Revolutionary tool will methodically track fish populations in the ocean
By Stacey Shackford
Oceanographer Chuck Greene envisions a day when he will be able to observe the ocean the way a meteorologist observes the weather -- with continuous streams of data that allow him to see changes as they happen and predict future impacts on marine animal populations and ecosystems.
That day may be coming soon, thanks to a revolutionary ocean-observing tool he is helping to optimize, one capable of collecting and transmitting ecosystem data to his desktop in real time.
Greene, a Cornell professor of earth and atmospheric sciences, tests the self-propelled, solar-powered, remotely controlled Wave Glider in Hawaii.
Invented by Liquid Robotics Inc., the Wave Glider has drawn a lot of interest from the U.S. Navy for acoustic surveillance applications. Greene is working with Liquid Robotics to instrument the gliders to improve and greatly reduce the costs of fish and marine mammal surveys, which currently depend on manned research vessels.
At around $25,000 a day in ship costs for cruises that can last as long as 60 days, such surveys have become prohibitively expensive. This has compromised the geographic and temporal coverage of the surveys, as well as the quality of data sets that can cost more than $1 million per year to collect.
"Some of the things we really want to know, such as seasonal migration and feeding patterns, we can't find out," Greene said. "There are a lot of things we sacrifice knowing about the animals because we really don't know where they are half the time."
The Wave Gliders would be released off the coast and operate along survey lines running perpendicular to the coast. Collecting acoustic data with a custom echo sounder developed by another partner, BioSonics Inc., each Wave Glider would cover about 12 miles a day.
Controlled via satellite by scientists on shore, a fleet of such gliders could continuously monitor the same area year-round that a ship currently surveys once a year or every other year by methodically "mowing the lawn" as it makes its way down the coast.
"We are entering a new era in fisheries and conservation oceanography," Greene said. "We used to generate our hypotheses based on very limited observational data and then go out on research vessels with very rigid cruise plans to test them. We still do that to a large extent, but soon we hope that a greater observational presence in the ocean will enable us to monitor how ecosystems and their populations are changing in real time.
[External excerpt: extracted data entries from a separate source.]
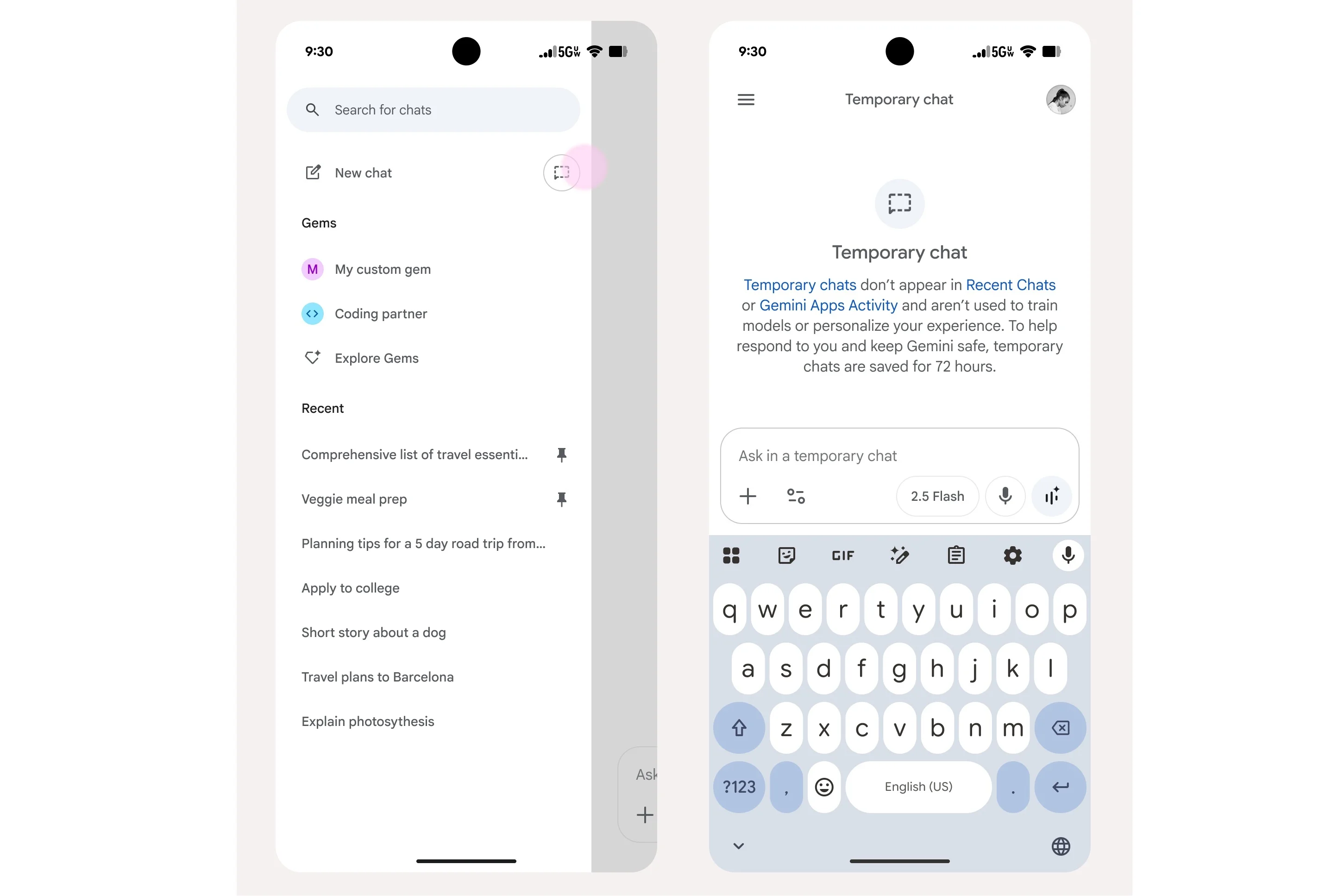 The update also introduces "Temporary Chat," allowing users to engage in private conversations that are not stored in Gemini Apps Activity or used to train Google's AI models. These chats are automatically deleted after 72 hours, providing a secure platform for discussing sensitive topics.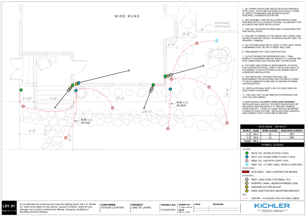 While I often design exterior color palettes and enjoyed designing my own garden landscape, I am by no means a lighting designer! While Kichler doesn’t offer design service directly to the consumer (there are so many awesome landscape lighting professionals who do that!), I am lucky that Kichler’s team took a look at my plan and revised it to make the house look even more impressive. They sent back this plan which added up and down lighting in place of wallwashers and spread out the lighting to showcase the garden better. They also broke the electrical into two runs for me, so I didn’t have to do any of those calculations. This page became my guideline as I started assembling and installing the fixtures too.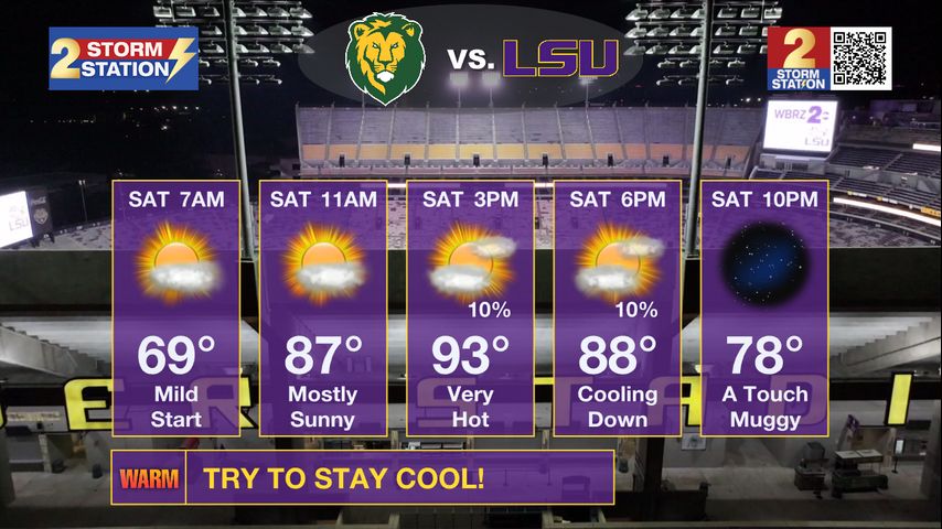 LSU Football: Fans heading to LSU on Saturday can look forward to another hot and mostly sunny day, with afternoon highs topping out in the low 90s. Just like last weekend, it’ll be important to pack sunscreen, stay hydrated, and find shade when you can. Rain chances sit around 10%, meaning most will stay dry, though a stray shower can’t be ruled out. Even after kickoff, the humidity sticks around, with temperatures slowly easing from the 90s into the lower 80s by evening.

Then we will be able to change our cruise plans on the fly and adaptively survey and sample the ocean to test our hypotheses. Reliable ocean and fisheries forecasting is on the horizon."
While the instrumented Wave Gliders could cost more than $100,000 each until they go into mass production, they still represent a great value, Greene said, since 50 of them would cost the same as two ship surveys, but would provide much richer data sets.
"Potentially these Wave Gliders could be at sea for months at a time," Greene said. "Their maintenance costs would also be very low. Payback time is pretty quick."
Preliminary tests funded by the National Science Foundation were conducted last year, with promising results. This year, Greene and his partners are planning to fit the Wave Gliders with a larger transducer, enabling them to work at one of the lower frequencies required for fisheries research. Assuming this winter's tests are successful, they plan to conduct their first fishery acoustic surveys with the National Marine Fisheries Service off the West Coast next summer.
Stacey Shackford is a staff writer in the College of Agriculture and Life Sciences.